* RECORD EXTRACTS
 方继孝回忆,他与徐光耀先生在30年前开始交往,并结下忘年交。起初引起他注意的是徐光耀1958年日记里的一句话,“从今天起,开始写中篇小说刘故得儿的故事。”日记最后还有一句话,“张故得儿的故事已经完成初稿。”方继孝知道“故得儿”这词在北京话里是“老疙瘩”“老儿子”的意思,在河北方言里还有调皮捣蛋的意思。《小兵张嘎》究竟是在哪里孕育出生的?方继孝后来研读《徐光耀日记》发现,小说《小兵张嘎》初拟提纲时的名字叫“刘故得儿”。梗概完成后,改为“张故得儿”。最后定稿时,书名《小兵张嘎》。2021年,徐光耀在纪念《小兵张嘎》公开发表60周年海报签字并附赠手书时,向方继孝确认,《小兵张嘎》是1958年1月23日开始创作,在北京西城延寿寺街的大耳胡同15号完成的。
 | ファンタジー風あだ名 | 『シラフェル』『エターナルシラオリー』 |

--

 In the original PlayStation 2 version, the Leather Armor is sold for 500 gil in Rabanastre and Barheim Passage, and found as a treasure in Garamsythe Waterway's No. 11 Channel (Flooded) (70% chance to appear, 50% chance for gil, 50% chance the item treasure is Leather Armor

==

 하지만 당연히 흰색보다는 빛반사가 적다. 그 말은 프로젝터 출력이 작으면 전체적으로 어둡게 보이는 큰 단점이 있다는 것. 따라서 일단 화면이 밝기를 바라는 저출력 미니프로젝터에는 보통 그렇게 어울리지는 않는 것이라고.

* ASSIGNMENT
Could you restate, word for word, the lines above from the one with "方继孝回忆,他与徐光耀先生在" to the one with "ファンタジー風あだ名 | 『シラフェル』『エターナルシラオリー』 |", both included?

* OUTPUT OF THE EXERCISE
 方继孝回忆,他与徐光耀先生在30年前开始交往,并结下忘年交。起初引起他注意的是徐光耀1958年日记里的一句话,“从今天起,开始写中篇小说刘故得儿的故事。”日记最后还有一句话,“张故得儿的故事已经完成初稿。”方继孝知道“故得儿”这词在北京话里是“老疙瘩”“老儿子”的意思,在河北方言里还有调皮捣蛋的意思。《小兵张嘎》究竟是在哪里孕育出生的?方继孝后来研读《徐光耀日记》发现,小说《小兵张嘎》初拟提纲时的名字叫“刘故得儿”。梗概完成后,改为“张故得儿”。最后定稿时,书名《小兵张嘎》。2021年,徐光耀在纪念《小兵张嘎》公开发表60周年海报签字并附赠手书时,向方继孝确认,《小兵张嘎》是1958年1月23日开始创作,在北京西城延寿寺街的大耳胡同15号完成的。
 | ファンタジー風あだ名 | 『シラフェル』『エターナルシラオリー』 |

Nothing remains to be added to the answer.